Popularitas Digital Meningkat, DPRD Kaltim Tekankan Pentingnya Pendidikan di Tengah Tren Jadi Influencer
Ketua
Komisi IV DPRD Kalimantan Timur (Kaltim), H Baba
POSKOTAKALTIMNEWS, SAMARINDA: Di tengah meningkatnya tren generasi muda yang memilih jalur influencer digital sebagai karier utama, Ketua Komisi IV DPRD Kalimantan Timur (Kaltim), H Baba, mengingatkan pentingnya menjaga keberlanjutan pendidikan di tengah euforia dunia konten kreatif.
Ia menyadari bahwa menjadi influencer kini
bukan sekadar hobi, tetapi telah menjadi profesi yang menghasilkan pendapatan
signifikan.
Namun, menurutnya, semangat meraih popularitas
di media sosial seharusnya tidak menggeser prioritas terhadap pendidikan
formal.
“Profesi influencer memang menjanjikan, tapi
jangan sampai itu membuat anak-anak muda meninggalkan pendidikan. Pendidikan
tetap penting sebagai pegangan hidup,” kata H Baba, Senin (16/6/25).
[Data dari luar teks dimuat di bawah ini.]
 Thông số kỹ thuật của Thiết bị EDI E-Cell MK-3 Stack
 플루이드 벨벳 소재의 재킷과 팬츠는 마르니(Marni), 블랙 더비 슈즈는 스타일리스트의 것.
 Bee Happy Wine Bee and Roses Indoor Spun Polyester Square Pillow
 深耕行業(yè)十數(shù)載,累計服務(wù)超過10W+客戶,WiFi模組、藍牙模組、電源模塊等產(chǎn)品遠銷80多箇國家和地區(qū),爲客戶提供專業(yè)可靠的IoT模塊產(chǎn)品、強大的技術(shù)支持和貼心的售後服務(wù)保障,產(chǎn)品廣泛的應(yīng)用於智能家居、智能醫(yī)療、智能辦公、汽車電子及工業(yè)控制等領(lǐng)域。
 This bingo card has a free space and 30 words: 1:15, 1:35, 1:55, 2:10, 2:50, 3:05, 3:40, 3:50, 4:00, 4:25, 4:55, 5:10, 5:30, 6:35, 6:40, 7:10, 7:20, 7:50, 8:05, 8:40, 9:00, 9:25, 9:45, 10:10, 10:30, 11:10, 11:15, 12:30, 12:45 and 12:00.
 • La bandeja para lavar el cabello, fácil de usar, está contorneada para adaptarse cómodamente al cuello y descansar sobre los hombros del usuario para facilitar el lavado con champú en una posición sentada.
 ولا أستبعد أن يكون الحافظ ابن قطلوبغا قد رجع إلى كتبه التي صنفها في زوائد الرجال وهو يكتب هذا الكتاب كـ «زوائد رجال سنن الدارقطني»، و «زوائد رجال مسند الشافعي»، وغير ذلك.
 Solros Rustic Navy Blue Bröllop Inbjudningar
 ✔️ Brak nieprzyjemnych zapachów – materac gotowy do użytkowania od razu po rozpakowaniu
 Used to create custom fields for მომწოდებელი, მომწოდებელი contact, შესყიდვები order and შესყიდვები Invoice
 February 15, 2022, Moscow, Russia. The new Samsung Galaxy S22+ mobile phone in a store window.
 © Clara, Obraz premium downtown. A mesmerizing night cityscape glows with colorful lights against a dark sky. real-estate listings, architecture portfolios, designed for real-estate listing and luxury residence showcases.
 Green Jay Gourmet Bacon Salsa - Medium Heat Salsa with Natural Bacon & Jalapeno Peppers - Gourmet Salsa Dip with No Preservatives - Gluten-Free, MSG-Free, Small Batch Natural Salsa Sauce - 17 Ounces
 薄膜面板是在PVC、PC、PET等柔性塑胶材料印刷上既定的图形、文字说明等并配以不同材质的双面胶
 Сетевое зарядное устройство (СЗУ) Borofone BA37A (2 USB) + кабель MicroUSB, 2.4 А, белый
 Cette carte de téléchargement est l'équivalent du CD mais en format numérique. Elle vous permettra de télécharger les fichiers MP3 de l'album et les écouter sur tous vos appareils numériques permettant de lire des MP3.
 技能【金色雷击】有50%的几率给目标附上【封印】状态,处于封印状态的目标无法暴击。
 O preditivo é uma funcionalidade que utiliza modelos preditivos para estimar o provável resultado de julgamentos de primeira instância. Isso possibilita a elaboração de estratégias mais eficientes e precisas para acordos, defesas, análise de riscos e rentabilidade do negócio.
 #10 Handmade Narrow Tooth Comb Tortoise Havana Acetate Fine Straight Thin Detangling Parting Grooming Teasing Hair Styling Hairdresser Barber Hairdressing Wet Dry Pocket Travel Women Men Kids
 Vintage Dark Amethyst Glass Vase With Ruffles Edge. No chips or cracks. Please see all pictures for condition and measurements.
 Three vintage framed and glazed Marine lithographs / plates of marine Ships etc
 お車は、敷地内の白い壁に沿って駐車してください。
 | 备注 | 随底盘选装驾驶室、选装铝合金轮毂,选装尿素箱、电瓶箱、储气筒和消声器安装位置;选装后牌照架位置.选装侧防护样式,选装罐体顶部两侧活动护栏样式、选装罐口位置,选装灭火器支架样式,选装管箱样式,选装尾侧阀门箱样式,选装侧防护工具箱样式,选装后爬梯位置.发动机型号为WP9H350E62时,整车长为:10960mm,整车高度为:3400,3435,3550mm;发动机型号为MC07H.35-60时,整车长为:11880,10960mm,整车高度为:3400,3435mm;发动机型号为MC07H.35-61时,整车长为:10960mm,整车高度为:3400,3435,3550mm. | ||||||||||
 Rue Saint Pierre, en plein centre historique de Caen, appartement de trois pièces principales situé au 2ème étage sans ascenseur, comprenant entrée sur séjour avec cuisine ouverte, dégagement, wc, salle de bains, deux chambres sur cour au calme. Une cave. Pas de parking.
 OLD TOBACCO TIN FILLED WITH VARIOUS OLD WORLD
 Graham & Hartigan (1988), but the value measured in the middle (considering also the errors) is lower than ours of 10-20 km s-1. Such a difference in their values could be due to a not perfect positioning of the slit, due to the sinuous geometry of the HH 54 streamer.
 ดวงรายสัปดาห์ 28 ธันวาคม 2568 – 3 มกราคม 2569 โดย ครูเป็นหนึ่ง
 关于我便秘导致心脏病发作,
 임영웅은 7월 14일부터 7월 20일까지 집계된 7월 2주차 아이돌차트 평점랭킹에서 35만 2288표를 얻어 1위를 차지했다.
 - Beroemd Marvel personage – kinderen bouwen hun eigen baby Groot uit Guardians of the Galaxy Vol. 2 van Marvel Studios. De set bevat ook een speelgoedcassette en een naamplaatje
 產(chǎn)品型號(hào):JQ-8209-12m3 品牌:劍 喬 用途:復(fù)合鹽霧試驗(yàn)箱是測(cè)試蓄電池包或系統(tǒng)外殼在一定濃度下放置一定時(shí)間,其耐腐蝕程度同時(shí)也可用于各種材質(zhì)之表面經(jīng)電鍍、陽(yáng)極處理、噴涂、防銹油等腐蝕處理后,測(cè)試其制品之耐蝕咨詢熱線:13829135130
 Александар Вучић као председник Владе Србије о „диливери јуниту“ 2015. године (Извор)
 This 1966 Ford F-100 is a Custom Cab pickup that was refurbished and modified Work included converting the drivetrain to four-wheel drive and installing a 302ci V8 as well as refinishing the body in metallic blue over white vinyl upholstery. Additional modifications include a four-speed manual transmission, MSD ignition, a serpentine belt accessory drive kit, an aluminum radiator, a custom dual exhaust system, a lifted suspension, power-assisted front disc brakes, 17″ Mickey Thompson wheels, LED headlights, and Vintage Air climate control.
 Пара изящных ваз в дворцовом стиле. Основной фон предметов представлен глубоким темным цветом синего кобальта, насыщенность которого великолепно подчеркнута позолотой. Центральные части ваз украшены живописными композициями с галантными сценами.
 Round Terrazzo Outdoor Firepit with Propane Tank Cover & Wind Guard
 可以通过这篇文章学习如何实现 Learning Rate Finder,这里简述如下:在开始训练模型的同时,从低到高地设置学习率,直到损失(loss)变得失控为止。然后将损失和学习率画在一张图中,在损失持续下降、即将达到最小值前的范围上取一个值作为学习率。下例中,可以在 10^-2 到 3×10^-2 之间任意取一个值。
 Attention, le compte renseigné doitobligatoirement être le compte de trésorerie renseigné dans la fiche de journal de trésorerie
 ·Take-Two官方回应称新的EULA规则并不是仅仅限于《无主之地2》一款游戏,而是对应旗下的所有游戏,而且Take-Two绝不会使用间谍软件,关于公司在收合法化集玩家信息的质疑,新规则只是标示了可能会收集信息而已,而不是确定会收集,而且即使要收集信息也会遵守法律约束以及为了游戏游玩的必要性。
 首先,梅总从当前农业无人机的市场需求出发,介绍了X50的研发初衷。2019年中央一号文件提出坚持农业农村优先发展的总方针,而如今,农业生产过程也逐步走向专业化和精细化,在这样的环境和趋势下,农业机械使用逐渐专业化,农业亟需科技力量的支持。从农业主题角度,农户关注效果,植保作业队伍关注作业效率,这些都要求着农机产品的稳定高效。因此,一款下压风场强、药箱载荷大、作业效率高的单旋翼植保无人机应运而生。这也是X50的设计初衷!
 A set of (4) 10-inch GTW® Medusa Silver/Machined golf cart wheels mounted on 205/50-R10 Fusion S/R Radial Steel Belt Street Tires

Fenomena ini, lanjutnya, tak jarang melibatkan
pelajar yang memilih untuk menunda atau bahkan meninggalkan sekolah demi fokus
membuat konten.
H Baba menegaskan bahwa pilihan seperti itu
bisa berisiko jika tidak disertai dengan perencanaan masa depan yang matang.
Ia mengajak para konten kreator muda untuk
tetap melanjutkan pendidikan meskipun harus dijalani sambil bekerja.
“Kalau memang harus kerja dulu, tidak masalah.
Tapi sekolah jangan ditinggal. Belajar bisa disesuaikan dengan waktu,” ujarnya.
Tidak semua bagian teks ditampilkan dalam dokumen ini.